[mesa-users] mesa/star with multicore linear algebra gives different results than with single core
paxton at kitp.ucsb.edu
Mon Jun 25 12:35:54 EDT 2012
Ok.. here is some info to help you understand what's going on.
I'm cc'ing to mesa-users since this is a question of general interest.
background for mesa-users:
the identical mesa/star problem run on the same machine, same compiler, etc.
but with different number of cores, gives differences in results. why?
when run star with serial linear algebra (e.g., block_thomas_dble),
the differences go away -- i.e., results are then independent of number of cores.
mesa/star makes use of multicores as much as possible.

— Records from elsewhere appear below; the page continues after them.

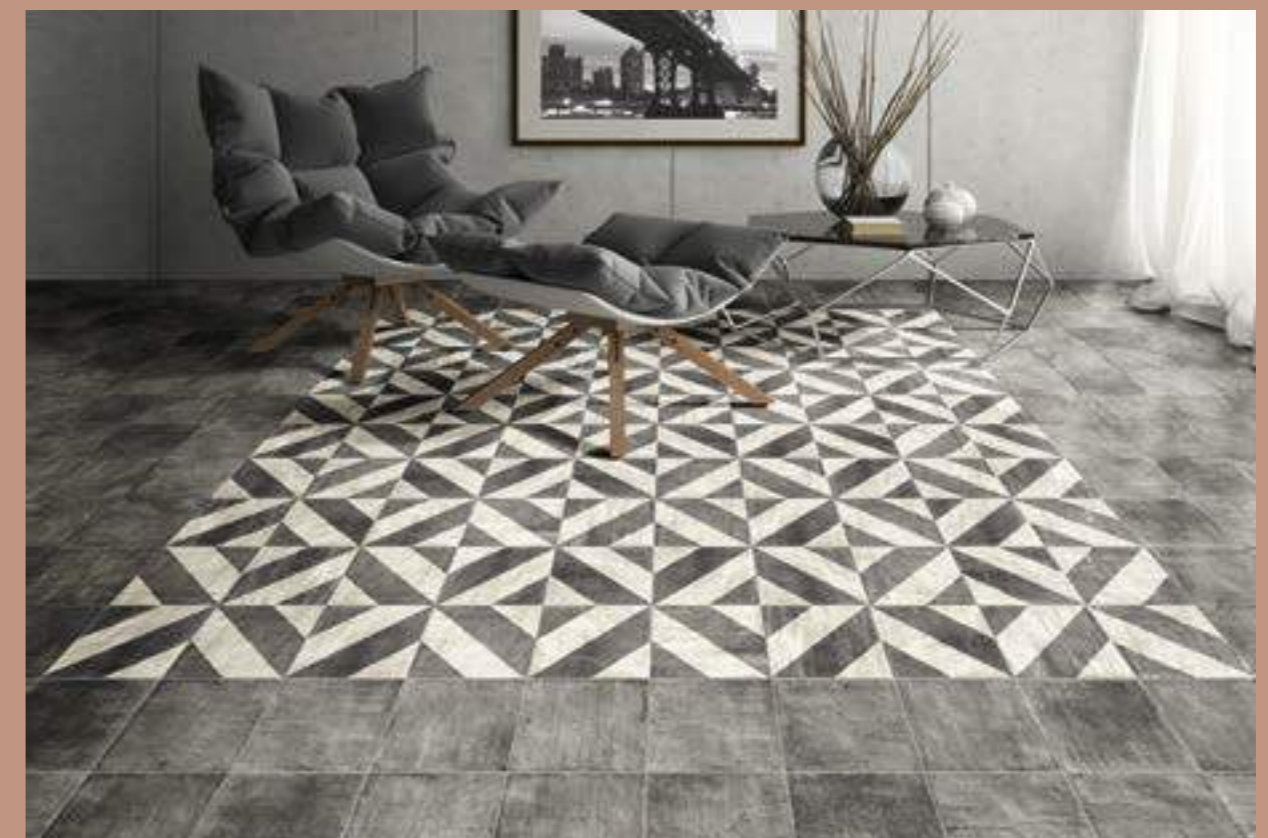
Tuscania Black 20x20 · Bergamo 20x20
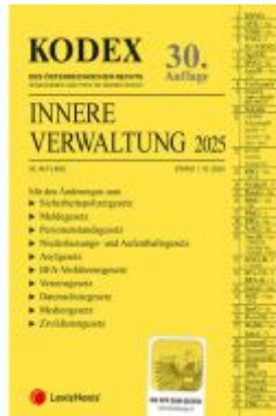
KODEX Innere Verwaltung 2025 - inkl. App Ladenpreis: 103,00EUR
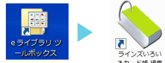
▲使用するコンテンツ

⇒「いろいろカード帳編集ツール」は、インターネット回線を使わずにオフラインで利用できます
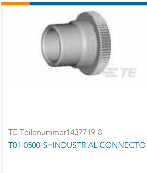
TE Teilenummer1437719-8 T01-0500-S=INDUSTRIAL CONNECTO
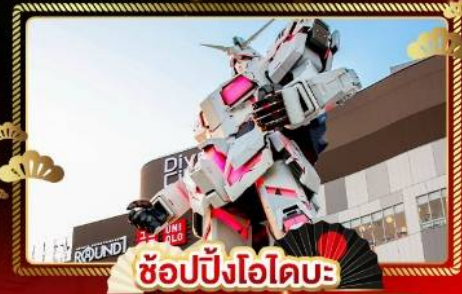
ช้อปปิงโอไดบะ
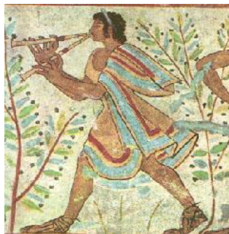
tombe de Tarquinia https://whc.unesco.org/fr/list/1158/ https://fr.wikipedia.org/wiki/N%C3%A9cropole_de_Monterozzi https://www.arretetonchar.fr/la-peinture-%C3%A9trusque/ sarcophages : https://www.finestresullarte.info/831n_come-vestivano-etruschi-moda-toscana-2600-anni-fa.php

chevaux de Tarquinia http://www.wikiwand.com/fr/Chevaux_ail%C3%A9s_de_Tarquinia
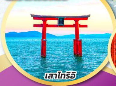
เสาโทริอิ
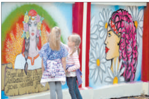
Болгарская и латвийская девушки чем-то похожи.

На открытии галереи все участники рассказали и исполнили танец дружбы. Все они за время проекта сдружились, успели погулять по Даугавпилсу, посетить крепость и Центр искусств Марка Ротко, участвовали в дискуссиях и встречах.
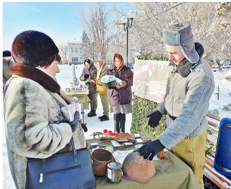
Передвижная выставка привлекала внимание прохожих

Основные ингредиенты блокадного хлеба – подсолнечный жмых и пищевая целлюлоза. Жмых – это отходы маслобойного производства, семечки, раздавленные вместе с кожурой. И чем дольше продолжалась блокада, тем меньше на складах оставалось муки, тем больше жмыха и целлюлозы приходилось добавлять в хлеб. Остальные компоненты хлеба были прежними: закваска, соль и вода.
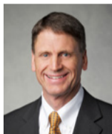
ម៉ាល ប៊ី យុក
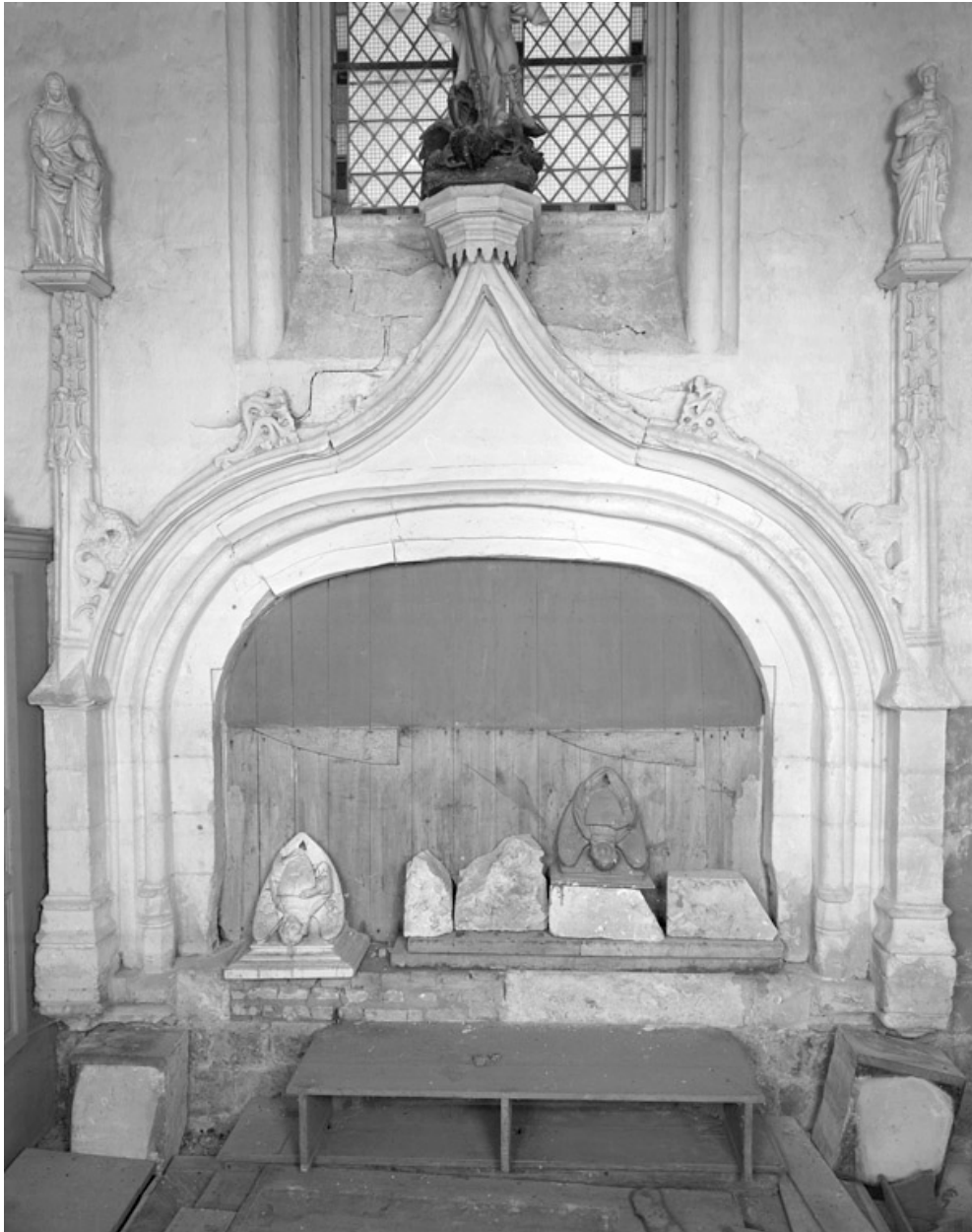
Arc en accolade, dans la chapelle sud.
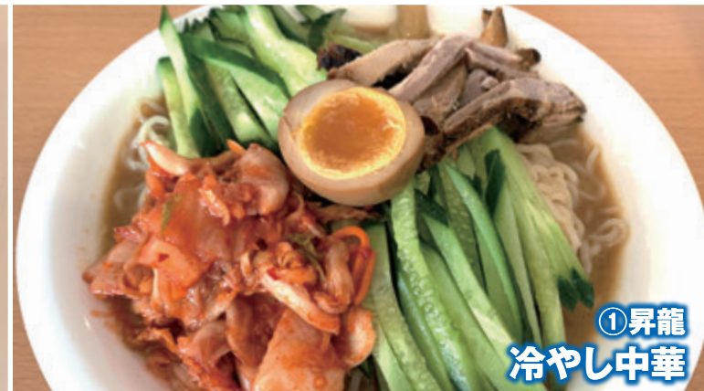
① 昇龍 冷やし中華
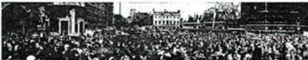
More and more demonstrators pressing forward to give their support to the 10 Downing demonstration today. (Inset: Thousands gathered in London for the demonstration.)
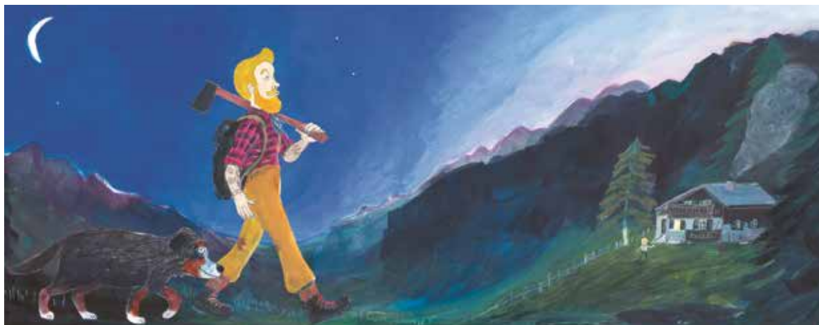
Schicht für Schicht trägt Vera Eggermann die Acrylfarben auf. Die unteren Schichten schimmern durch und tragen damit zur Stimmung bei. © V. Eggermann: Hugo und Kauz. Atlantis 2020.
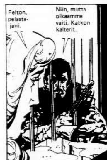
Gilbertonin ja Pendulum Press'n Muskettisoturi -versiot muistuttavat melkoisesti toisiaan...
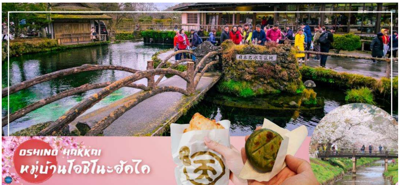
OSHINO HAKKAI หมู่บ้านโอชิโนะฮัคไค

จากนั้นนำท่านเดินทางสู่ หมู่บ้านโอชิโนะฮัคไค (OshinoHakkai) (ใช้เวลาเดินทางประมาณ 50 นาที) ให้ท่านเจาะลึกตามหาแหล่งน้ำบริสุทธิ์จากภูเขาไฟฟูจิ ที่เป็นแหล่งน้ำตามธรรมชาติตั้งอยู่ในหมู่บ้านโอชิโนะ จ.ยามานาชิ หรือพูดในทางกลับกันคือกลุ่มน้ำผุดโอชิโนะฮัคไค เพียงก้าวแรกที่ย่างเท้าเข้าไปในหมู่บ้านก็สัมผัสได้ถึงอากาศบริสุทธิ์ และไอเย็นจากแหล่งน้ำธรรมชาติที่มีให้เห็นอยู่ทุกมุม โดยในบ่อน้ำใสแจ๋วมีปลาหลากหลายพันธุ์แหวกว่ายอย่างสบายอารมณ์ แต่ขอบอกเลยว่าน้ำแต่ละบ่อนั้นเย็นจับใจจนแอบสงสัยว่าน้องปลาไม่หนาวสะท้านกันบ้างหรือ เพราะอุณหภูมิในน้ำเฉลี่ยอยู่ที่ 10-12 องศาเซลเซียสนอกจากชมแล้วก็ยังมีน้ำผุดจากธรรมชาติให้ดื่กดื่มตามอัธยาศัย และที่สำคัญ หมู่บ้านโอชิโนะยังเป็นแหล่งช้อปปิ้งสินค้าโอท็อปชั้นเยี่ยมอีกด้วย
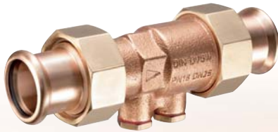
Figur 158 36

KEMPER Durchgangs-Rückflussverhinderer mit SANHA®-Pressverschraubung , Öffnungsdruck nur \geq 10 mbar, komplett aus Rotguss, beständig gegen aggressives Wasser, totraumfrei, nach DIN 3269-1, mit DIN-/DVGW- und Schallschutzzulassung, beidseitig mit Rotguss-Pressverschraubungen für Cu-Rohr System SANHA® und NiroSan®.
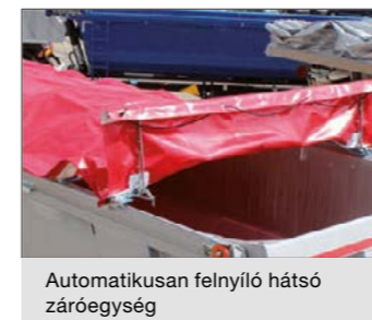
Automatikusan felnyíló hátsó záróegység

Elhúzható tető 300 mm magas tetőívvel, kézi- ill. elektromos működtetéssel. Műanyag ponyva, mindkét oldalon rögzítőkampók, hátul cikk-cakk lekötés
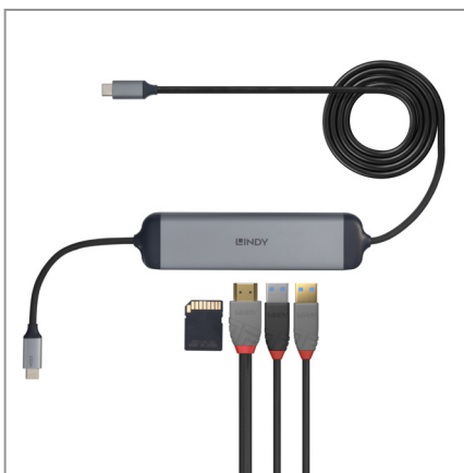
USB Power Delivery [3.0 fino a 60W] per ricaricare il laptop.
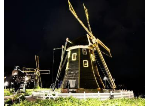
👉 พักค้างคืน ณ โรงแรม
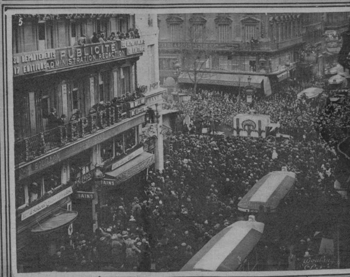
La Asamblea de Ginebra. - 1: Los señores Benes, Husky y su secretario. - 2: El señor Dimitchich. (f. H. Manust). - 3: La fiesta de "Nô Careme" en Paris. - 4: La Reina de las Reinas y sus damas de honor. - 5: Un aspecto del boulevard Montmartre durante el desfile de carrosas (f. Meunier)
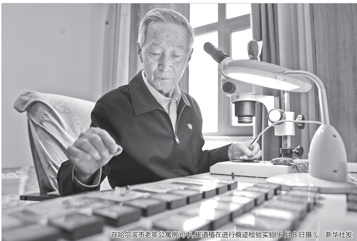
在哈尔滨市老年公寓房间中，崔道植在进行痕迹检验实验(6月8日摄)。

他是一个传奇，屡破惊天大案，检验痕迹物证7000余件，无一差错；他是一个标杆，把对党的忠诚，浸润到每一一起案件的侦破，从不计名利得失。他是“七一勋章”获得者崔道植。从旧中国衣食无着的农家子弟成长为新中国首席痕迹检验专家，87岁高龄的崔道植对党和人民深怀感恩之心：“只要我的眼能看、腿能动，我就要为党的刑侦事业工作到最后一刻！”
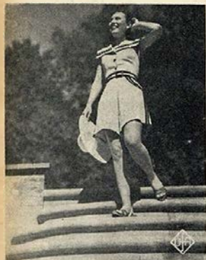
Lido Baarova, imagem da Primavera...

for microphysics (eos, kap, net), it can do each zone in the star in parallel
and so can use as many cores as you have with very good efficiency
and no numerical effects (modulo bugs).
we do such a good job on the microphysics that the linear algebra becomes
the major time consumer. however when you breakup linear algebra, you
change the order of the numeric operations and because of limited
precision floating point, that will change the result. usually the change
is so small you don't care. but if the matrix is ill-conditioned (as ours
often are) the effect can be large enough to make you notice.
the block_thomas_dble linear algebra routine is serial -- so you
get no benefit from multi cores, so you get the exact same
answer independent of number of cores (NOTE: not the "right"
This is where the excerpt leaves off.